PBS is running a series on American Experience,”The Abolitionists: 1820-1838”. I have been interested in the anti-slavery movement for many years, in particular the Quaker involvement. But I was unaware of its actual origins as a movement. I found that a young man William Lloyd Garrison felt a conviction that God was calling him to fight for the end to slavery and he began a newspaper dedicated to this purpose alone. Out of this publication the movement began and small communities sprouted up throughout the north in a very short time. Garrison was a very positive man, believing that when the church leaders in the south realized the truth of the wrongness of slavery they would begin to convince their congregations, who would willingly free their slaves. He even produced religious education materials that he sent to Christian congregations in the south with sermon points and lesson plans for teaching children. There were even children’s songs that could be used in teaching. The congregations liked the materials so much they burned them along with effigies of Garrison. As a former religious education coordinator, I would love to have seen the education packets that Garrison sent out.
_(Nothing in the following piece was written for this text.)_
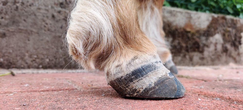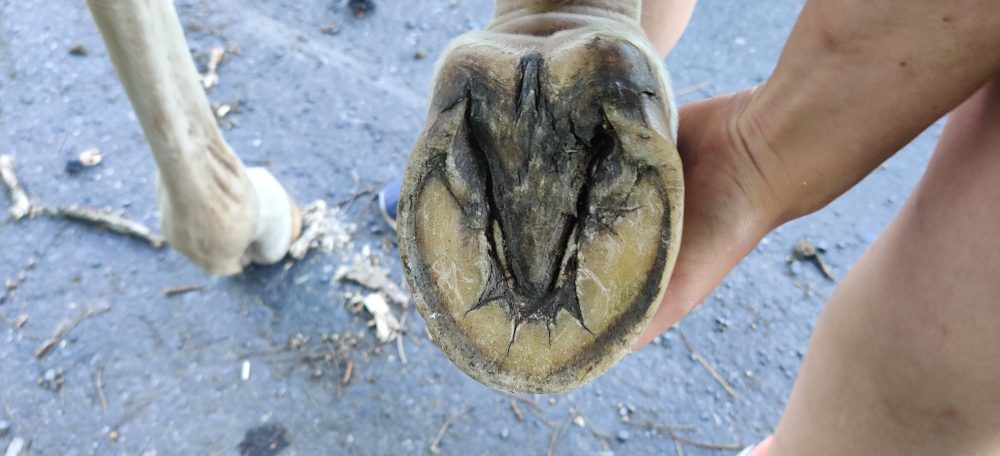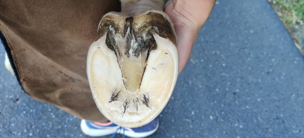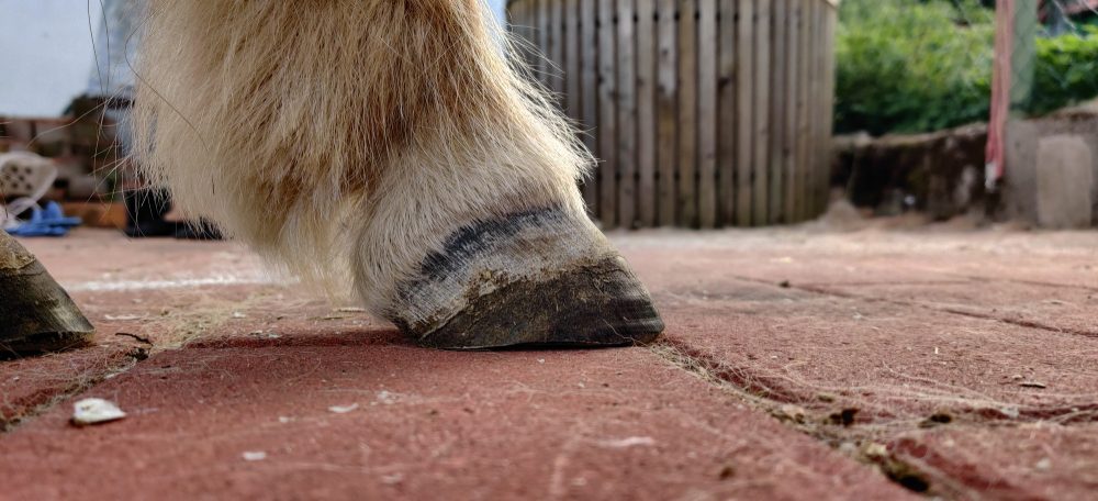 Überlange Hufe mit separierter Zehenwand. Bild 2: nach Erstbearbeitung, Bild 3: 6 Monate später

A woman drawn to the movement, Angelina Grimke, the daughter of a prominent slave-holding family from the south, was touched by Garrison’s message and wrote a long passionate letter to him about her belief in freedom for the slaves. He published her letter and that did not go well with her family. She refused to refute the letter so they disowned her. She joining the movement and met another abolitionist Theodore Weld. Weld’s contribution to the movement was to train speakers to go out and spread the anti-slavery message wherever they were welcome. Angelina became one of these speakers and went around speaking to groups, first to women, but in time to groups of both men and women. She was chided for speaking to men, not keeping her place. Aware of the subordinate position of women and their powerlessness in the households where their husbands held slaves, Angelina began to speak out for women’s rights. Weld sent her a letter bawling her out for getting her movements mixed up. He told her to hold down the defense of women until the slaves were freed. After the words chiding her, he wrote in big triple-sized letters, “I HAVE LOVED YOU FROM THE MOMENT I FIRST MET YOU”. They married and had what was probably the first integrated reception in America. And…this is the best part…they wrote their own vows leaving out the part about wives submitting to their husbands. This was in the early 1800s! Someone just has to make a movie of this!
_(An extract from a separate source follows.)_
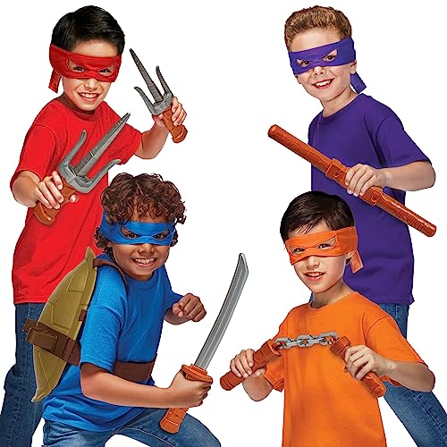 ACCESSORIES: Set includes everything you and your friends need to role play being your favorite Ninja Turtle, including all four colorful Turtle bandanas and one Ninja Turtle back shell!

It was inspiring to learn of these early abolitionists. They were young and in-your-face passionate, willing to suffer for their beliefs and they did. It took this kind of zeal for the abolitionist message to gain a firm foothold but another thirty years before freedom would be achieved.
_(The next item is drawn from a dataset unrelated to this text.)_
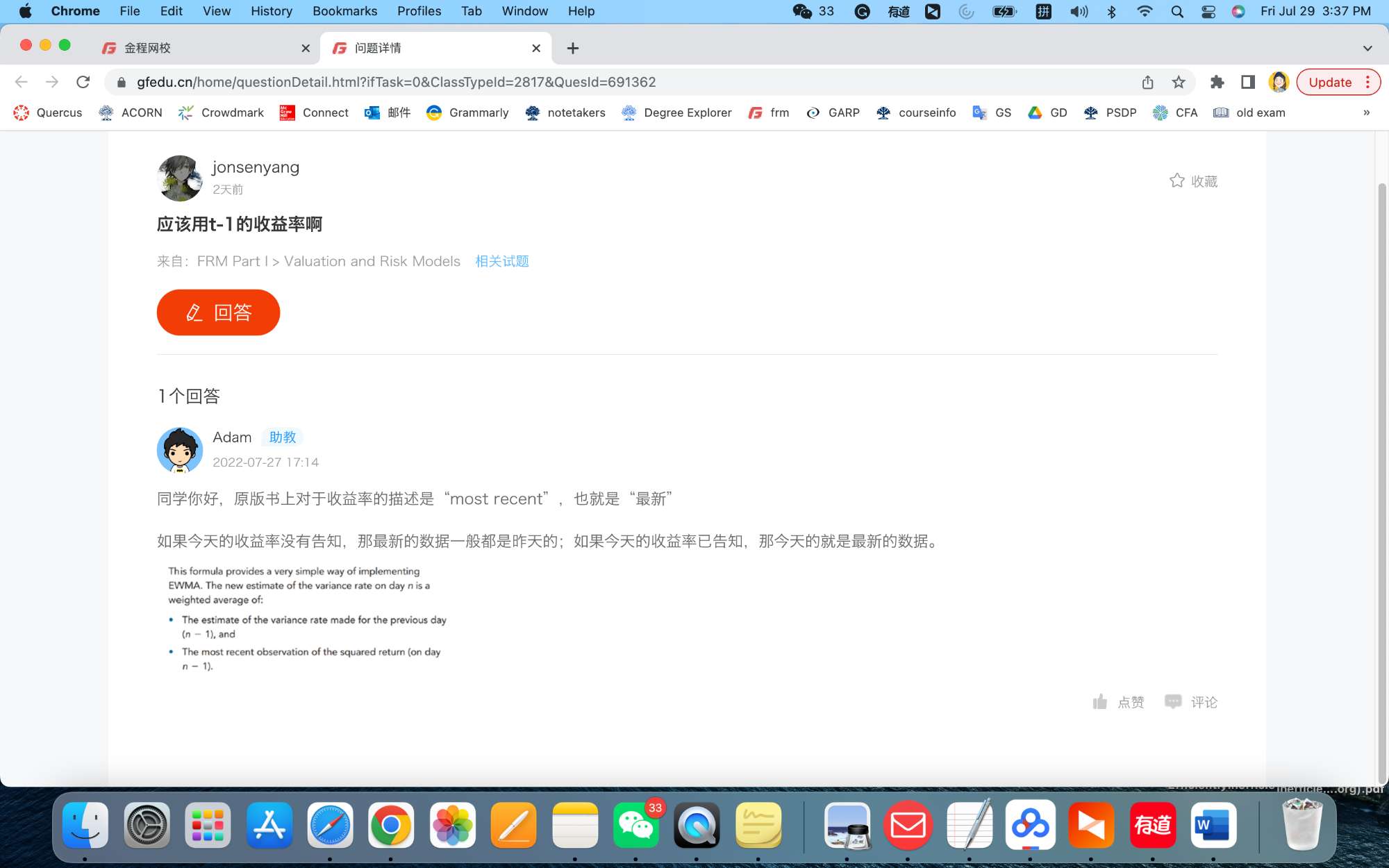 FRM问答包含在线课程、FMR通关课程、FRM试题等所有FRM相关问题,每个问题老师均会在24小时内给出答疑回复哦!

5 thoughts on “Early Abolitionists”

    1. If you have PBS on your TV, Part II of the series will show this Tuesday at 8 pm and next Sunday, the 20th at 6 pm. Part III will be shown Jan 22 and 27. The next segment talks about John Brown…do you recall the song lyrics: “John Brown’s body lies asmolderin’ in the grave”? Bernie and I visited Brown’s home when we visited upper New York a couple of falls ago. He tried to start a settlement there for escaped slaves. I have the book “John Brown.s Body” which is written in verse. I haven’t read it. I find it hard to read long poetry. (like :”The Song of Hiawatha” Classic or not, I found it was grueling to read)
      I love hero stories, especially if they are true. They inspire me.